I would second the suggestion that you contact your local Children's Centre.
Also, on a different note: staple your notes from your previous hospital to your notes of your new hospital!! I moved towns at 35 weeks and during labour my two sets of notes were separated - my new hospital notes said that there were no scan pics, but they were all in the old notes. So make sure that they are kept together
where abouts are you roughly?
maybe close enough to meet a mumsnetter for coffee?
or look in [whispers] netmums
or find your local NCT bumps and babes group and take you and your bump along.
Do you have an aqua-natal class. a few of us who were shy before then found ourselves on the same NCT class, along with another girl, due the same time, but not on NCT class. we now have a regular starbucks after our nct class and plan to meet up afterwards with our babies. though many of us are nearly there now and even those least pregnant have < a month!
I sympathise as I knew no one when pregnant with my first. Did meet people through NCT antenatal, but met whole different (much nicer) NCT crowd through their postnatal tea group (which was free run by local Mums). Once you're a member you can access these groups if they're available. Also breastfeeding cafe was lovely in tear-filled first weeks, and pregnancy yoga classes were good although found people didn't talk much.
Its funny but once you have a baby EVERY woman (almost) with a baby same age will talk to you and you'll have no trouble meeting people!
In my area you don't need to be an NCT member to go to the coffee mornings, you just need to email the area contact listed on the NCT website and ask her what's on. Don't know if other areas work differently. At ours pg women are welcome but they are mostly aimed at new parents as they take place in the day when many pg women are still at work.
I moved to a different country when I was pregnant with my first so yes, have experienced a similar isolating experience! Great ideas here. If you are thinking of breastfeeding & it is your first baby it might be worth looking into bf support groups in the area. They may even have a bf workshop for pregnant women & partners to help prepare. I did one & went to a support meeting before I had the baby & it really helped to be a bit familiar with it all as it was one of the first places I went with baby, as they are obviously used to new mums & you don't have to stand on ceremony at all in that kind of environment.
Flowerdems you have been on my mind! I hope things are progressing well for you. I hope you don't mind me resurrecting your thread and posting in case you or others on here find it helpful.

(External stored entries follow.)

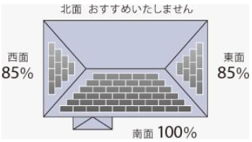 多面屋根に設置する場合、シングルストリング型のパワーコンディショナ1台に接続すると、周囲環境によっては発電量をロスする場合があります。
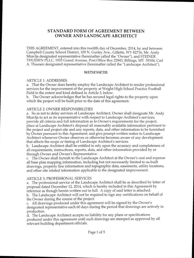 STANDARD FORM OF AGREEMENT BETWEEN OWNER AND LANDSCAPE ARCHITECT THIS AGREEMENT, entered into this twelfth day of December 2014, by and between Campbell County School District, 109 N. Gurley Ave.,
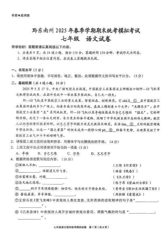 中考網(wǎng)整理了關于2024-2025學年貴州黔東南劍河縣四中七年級下冊語文期末真題(圖片版),希望對同學們有所幫助,僅供參考。

Whilst NCT things aren't the be all and end all for new-mummy-socialising, I don't know if you knew some branches also do post-natal "early days" courses?

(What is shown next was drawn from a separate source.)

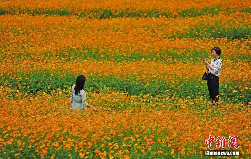 目前,首批栽種的小皺菊已盛開,游客絡(luò)繹不絕。丁銘華 攝 -

If you're still making friends in the area (and, frankly, if it sounds like your sort of thing) you may find something like this helpful: a space to talk through your feelings and get advice around debriefing the birth experience, feeding, sleeping, relationships etc. I am a navel gazer for a living and tend to prefer to "talk things through" rather than "think things through" so I appreciated having somewhere I could go and talk about this in a way I didn't feel comfortable doing so with my new friends, my mum or my DH. I thought the social benefits were somewhat oversold (there were only 3 of us in the end on my programme), but as a way of getting out of the house, normalising my experiences, and having a trained course leader and experienced, independent person encouraging me, I found it helpful.